Files produced per call: {name}_conversation.txt — speaker-labelled transcript · {name}_timing.json — talk time per speaker in seconds · {name}_sentiment.json — segment-level sentiment and emotion timeline

LLM Analysis

The analysis step sends the parsed conversation to your chosen LLM with a structured prompt. Switch providers by changing the LLM_PROVIDER environment variable.

analysis prompt

ANALYSIS_PROMPT = """
Analyze this call transcription from start to finish.

TRANSCRIPTION:
{transcription}

Provide a structured response covering each of the following:

1. Speaker identification — which speaker is the customer, which is the agent?
2. Customer type — new/potential customer or existing customer?
3. Opening problem — what issue or query did the customer raise initially?
4. Products or services — what was the customer inquiring about or facing issues with?
5. Agent response — how did the agent handle and resolve the issue throughout the call?
6. Resolution outcome — was the issue resolved? Was the customer satisfied at the end?
7. Sentiment arc — how did the customer's sentiment shift across the call?
8. Upsell or cross-sell signals — any opportunities the agent identified or missed?
9. Competitor mentions — were any competitors referenced?
10. Summary — two-sentence outcome summary.

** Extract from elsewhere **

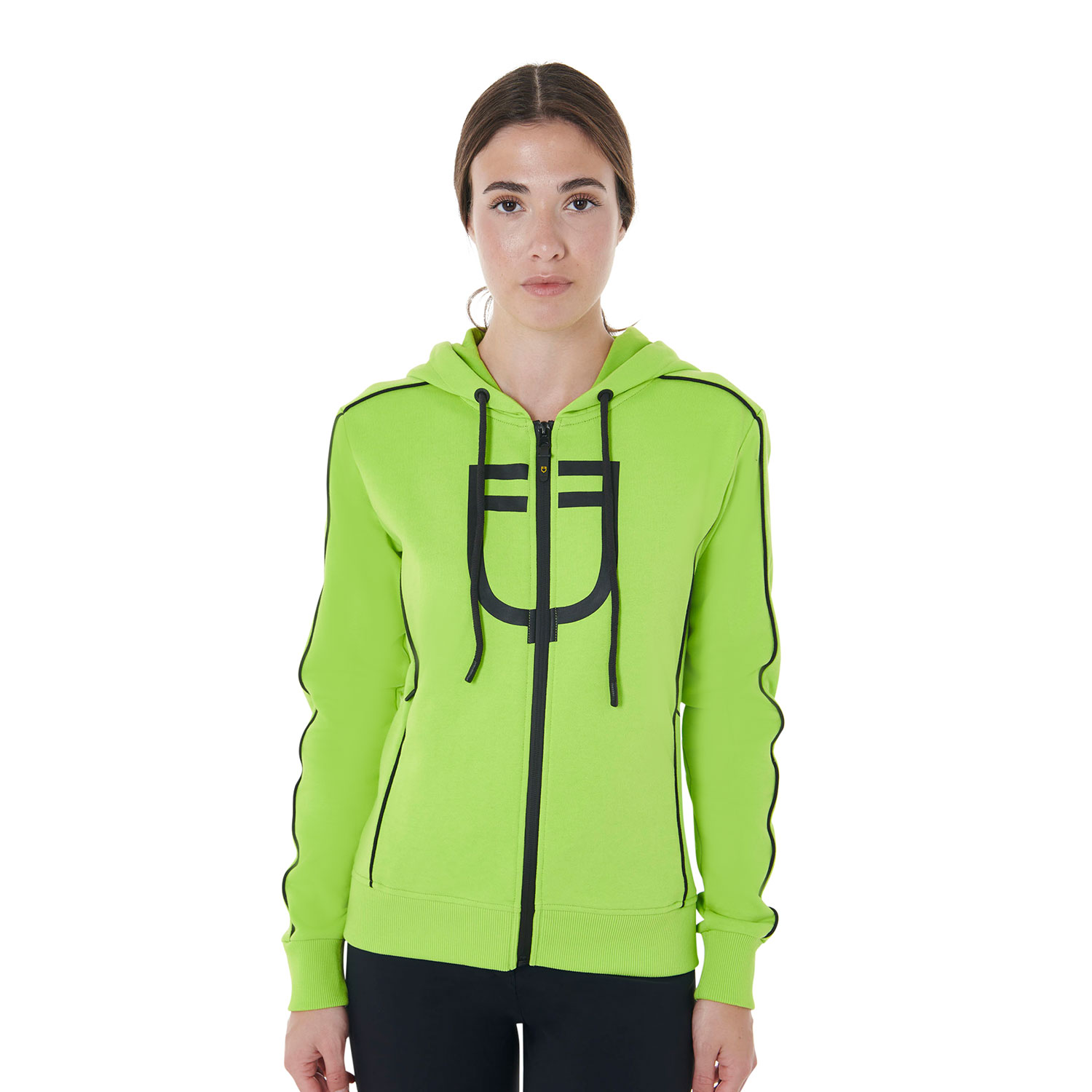 Un sweat-shirt pour femme en coton doux, avec le logo imprimé sur la poitrine. Il possède une capuche réglable avec un cordon de serrage, se ferme sur le devant avec un zip et possède des poignets et un ourlet élastiques pour un ajustement optimal. Les décorations avec passepoil contrasté sur les côtés et les épaules ajoutent une touche d'élégance, dans un parfait style équestre.

Note: Segment-level sentiment and emotion are tagged in the transcript where available.
"""

analyze_transcription + _call_llm

def analyze_transcription(self, conversation_path: str, output_dir: Path, file_name: str) -> dict:
    """Run LLM analysis on a parsed conversation file."""
    transcript = Path(conversation_path).read_text(encoding="utf-8")
    analysis   = self._call_llm(
        system="You are a call analytics expert. Provide structured, actionable insights.",
        user=ANALYSIS_PROMPT.format(transcription=transcript),
    )
    out = output_dir / f"{file_name}_analysis.txt"
    out.write_text(analysis.strip(), encoding="utf-8")
    print(f"Analysis saved: {out}")
    return {"file_name": file_name, "analysis_path": str(out)}


def _call_llm(self, system: str, user: str) -> str:
    """Route to Claude or OpenAI based on LLM_PROVIDER env variable."""
    if LLM_PROVIDER == "claude":
        if anthropic is None:
            raise ImportError("Install the anthropic package: pip install anthropic")
        client = anthropic.Anthropic(api_key=os.getenv("ANTHROPIC_API_KEY"))
        msg    = client.messages.create(
            model="claude-opus-4-8",
            max_tokens=2000,
            system=system,
            messages=[{"role": "user", "content": user}],
        )
        return msg.content[0].text

    elif LLM_PROVIDER == "openai":
        if OpenAI is None:
            raise ImportError("Install the openai package: pip install openai")
        client = OpenAI(api_key=os.getenv("OPENAI_API_KEY"))
        resp   = client.chat.completions.create(
            model="gpt-4o",
            messages=[
                {"role": "system", "content": system},
                {"role": "user",   "content": user},
            ],
        )
        return resp.choices[0].message.content

    raise ValueError(f"Unknown LLM_PROVIDER '{LLM_PROVIDER}'. Set to 'claude' or 'openai'.")

Ad-hoc Q&A

Ask any question against a transcribed call — useful for targeted investigation after bulk processing.

answer_question

def answer_question(self, question: str) -> None:
    """Answer a question for every transcribed call in the current session."""
    for fname, data in self.transcriptions.items():
        transcript = Path(data["conversation_path"]).read_text(encoding="utf-8")
        answer     = self._call_llm(
            system="",
            user=f"TRANSCRIPT:\n{transcript}\n\nQUESTION: {question}",
        )
        q_hash = hashlib.sha1(question.encode()).hexdigest()[:6]
        out    = Path(data["conversation_path"]).parent / f"{fname}_q_{q_hash}.txt"
        out.write_text(f"Q: {question}\n\nA:\n{answer}", encoding="utf-8")
        print(f"Answer saved: {out}")

Summary Report

Generate a single summary report across all analyzed calls in the session.

get_summary

SUMMARY_PROMPT = """
Based on this call analysis, provide a concise 2–3 word answer for each point:

{analysis_text}

1. Customer and Agent
2. Customer Type
3. Main Issue
4. Service Discussed
5. Agent Response Quality
6. Customer Satisfaction
7. Overall Sentiment
8. Competitor or Upsell Signal
9. Resolution Status
"""


def get_summary(self) -> None:
    """Generate a single summary report across all calls in the session."""
    ts  = datetime.now().strftime("%Y%m%d_%H%M%S")
    out = Path(OUTPUT_DIR) / f"summary_{ts}.txt"

    with open(out, "w", encoding="utf-8") as f:
        f.write(f"CALL ANALYTICS SUMMARY\n{'='*60}\n")
        f.write(f"Generated : {datetime.now()}\n")
        f.write(f"Total calls: {len(self.transcriptions)}\n{'='*60}\n\n")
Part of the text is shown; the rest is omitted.